Nos has pillado con la maleta a medias y con los nervios a flor de piel. ¡No puedes imaginarte las ganas que teníamos de irnos de viajecito contigo! Así que bueno, ya sabes, nos vamos de viaje a Baviera y Tirol este Puente de diciembre. ¿Estás “ready” para descubrir todo lo que Alemania y Austria guarda para nosotros? ¡Venga, que comenzamos!

¿Qué vamos a descubrir en este viaje a Baviera y Tirol?

Además de conocer algunas de las principales ciudades de la zona, tendremos la oportunidad de sumergirnos en la vida local y llevarnos un cachito de Múnich, Innsbruck y Salzburgo.

Múnich

La plaza de Marienplatz, el Ayuntamiento y la catedral de Frauenkirche serán los protagonistas de nuestra jornada en la capital de Baviera. Tendremos el placer, además, de pasear por el mercadito navideño que llena la ciudad de alegría, con su luz y sus colores. 

Marienplatz representa el corazón y centro de la ciudad desde su construcción.

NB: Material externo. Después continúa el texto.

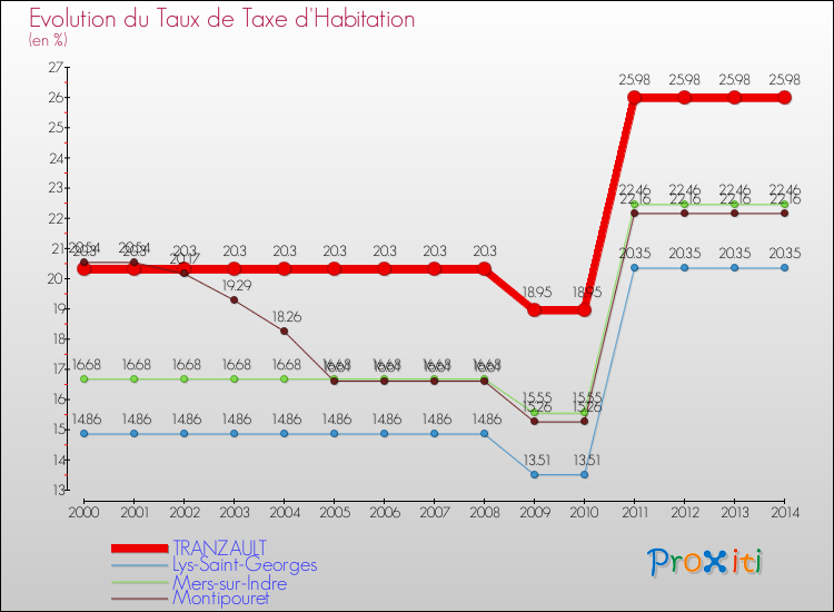 A Tranzault, le taux de taxe d'habitation a ainsi augmenté de 27.98 % entre 2000 et 2014.

Su nombre fue una ofrenda a la Virgen María para frenar la epidemia de cólera que asedió la ciudad hace siglos. Ha albergado multitud de eventos y fiestas a lo largo de su Historia (¡e incluso ejecuciones!) Hoy en día sigue siendo uno de los rincones más queridos de la ciudad.

En su seno acoge también el nuevo ayuntamiento, de recargado estilo neogótico. Es este uno de los edificios más reconocibles e icónicos de Múnich. Además, cuenta con una torre de 85 metros desde la que observar la ciudad. (Además, se sube en ascensor. Y eso da gustirrinín, ¿eh?).

La catedral es, por supuesto, la iglesia más grande todo Múnich. Pero es que, además, es una de las más antiguas. Construida sobre los restos de una basílica romana, fue edificada a finales del siglo XV y sus obras culminaron en 1525. Su estructura quedó realmente dañada después de los bombardeos de la II Guerra Mundial, pero todavía guarda rincones de un gran encanto.

Innsbruck

Si tenemos que destacar lo que más nos encanta de Innsbruck sería, sin duda, el Tejado Dorado. Se trata de uno de los iconos de Innsbruck por excelencia. Fue mandado construir a finales del siglo XV por Maximiliano I por su boda con Blanca María Sforza. Desde allí observaban torneos, festivales y otros acontecimientos de la ciudad. Sus más de 2700 azulejillos dorados le dan un lustre increíble y lo convierten en uno de los mayores atractivos de la villa. 

Además, tendremos también oportunidad de pasear por la calle de María Teresa. Desde hace 10 años es una calle parcialmente peatonal, lo que mejora su accesibilidad y le da un puntito extra. 

Salzburgo

De Salzburgo nos quedamos con los jardines de Mirabell. Fuentes, lujo, lindos senderos y la sensación de estar viviendo en una época preciosa, lejana y emocionante. El palacio del que forma parte fue construido a principios del siglo XVII por el príncipe-arzobispo local, quien lo regaló a su amante

Y tú, ¿con qué te quedas de nuestro viaje a Baviera y Tirol en el Puente de diciembre? ¡Venga, que vamos que nos vamos!